Visual art of this country is paradoxical, explosive, surprising. It is impossible to ‘reduce it to a common denominator’ as well as its artists: here both an aristocrat and a pharmacist could be painter and an engineer could abandon his trade for the sake of painting. Unpredictable, practically prototype-less like a Hungarian language where main words have nothing in common with corresponding words in the most widespread languages of Western Europe. It is like history of its state that for centuries held sovereignty in the heart of the continent. Even as a part of the Austrian Empire it managed to get a strong autonomy formally equal to a ruling Austrian component.
Development of the art in this country was greatly affected by colorful ethnographic foundation that can seem to be a weird exotic to alien eyes, from the festive clothes to unusual architecture and culinary practice. And carriers of this tradition themselves took it as a guarantee of society dignity. Another important factor was a condensed atmosphere of mystery (isn’t it for that reason Antal Ligeti has traveled all of the Middle East back in 1840-s?), an everyday magic softly poured over the canvas and in the artistic words. “Where does a Hungarian fairy hide?” – in this way one of the local fairy tales begins.
Not the last role was played in that by Hungarian nature. “Steppe far away in the golden wheat// Where haze conjures in the summer heat// By play of misty picture-ghosts”, - we read in the poem “Back Home” (1842) by the coryphaeus of the national literature Sandor Petofi. Here lakes are neighbors to mountains, healing springs adjoin man-made castles and there are hundreds of them here. Quite a lot of picturesque sceneries mirrored not only in the pictures of just Hungarian authors but of the Ukrainian Transcarpathia artists as well who were influenced by this tradition (Yosyp Bokshay, Fedir Manaylo).

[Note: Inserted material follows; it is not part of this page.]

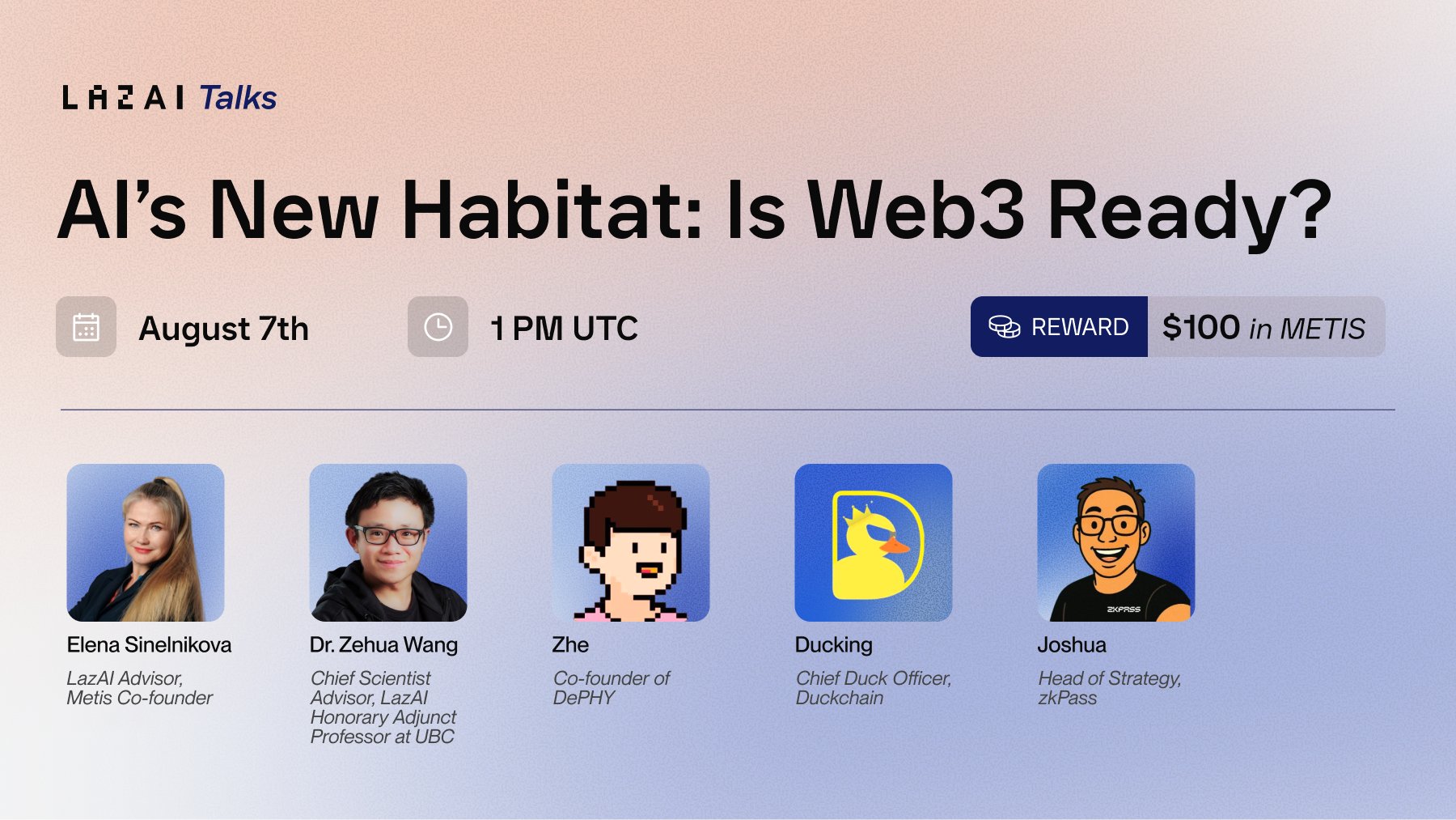In this third episode of LazTalks, leaders from across the Web3 AI space came together to ask a pressing question: is Web3 truly ready for AI? Hosted by Liam, CT Lead at Meits, the session brought together Elena Sinelnikova Metis Co-Founder and LazAI Advisor, Dr. Zehua Wang, Chief Advisor to LazAI, Zhe from DePHY, Ducking from Duckchain, and Joshua from zkPass. The conversation explored infrastructure readiness, agent governance, data ownership, and what still needs to be built.

ine arts got recognizable forms since the second half of XIX century when a separate generation of artists who earlier preferred to work abroad came back to homeland and established artistic colonies in the provincial localities.
A key man of this age was a painter Mihaly Munkacsy who was called ‘untamed realist’ by the Russian critic Vladimir Statsov for one of his pictures he was awarded a gold medal of Salon de Paris. At the same time his younger contemporaries wished to work in the open air thus ignoring social issues compared to search of form. In this sense it is impossible to overpraise achievements of such a master as Jozsef Rippl-Ronai who living in a small town has painted more than 3000 pictures.
For the next decades Hungarian art developed in sync with the world processes grasping attention even at the Venice biennales – its own pavilion appeared there 20 years before the pavilion of the
United States. Such original artists as Mihaly Tivadar Csontvary Kosztka and Aba Novak in painting and Zsigmond Kisfaludi Strobl in sculpture became renowned worldwide in the XX century.
Following and reconceiving lessons of the classic Hungarian artists live and work. And it is obvious even with such a popular painter as Andreas Fogarasi. Strong professional traditions in combination with unique decorativeness ascertain high level of the creative production and big prospects that open to the authors as far away as anyone can see.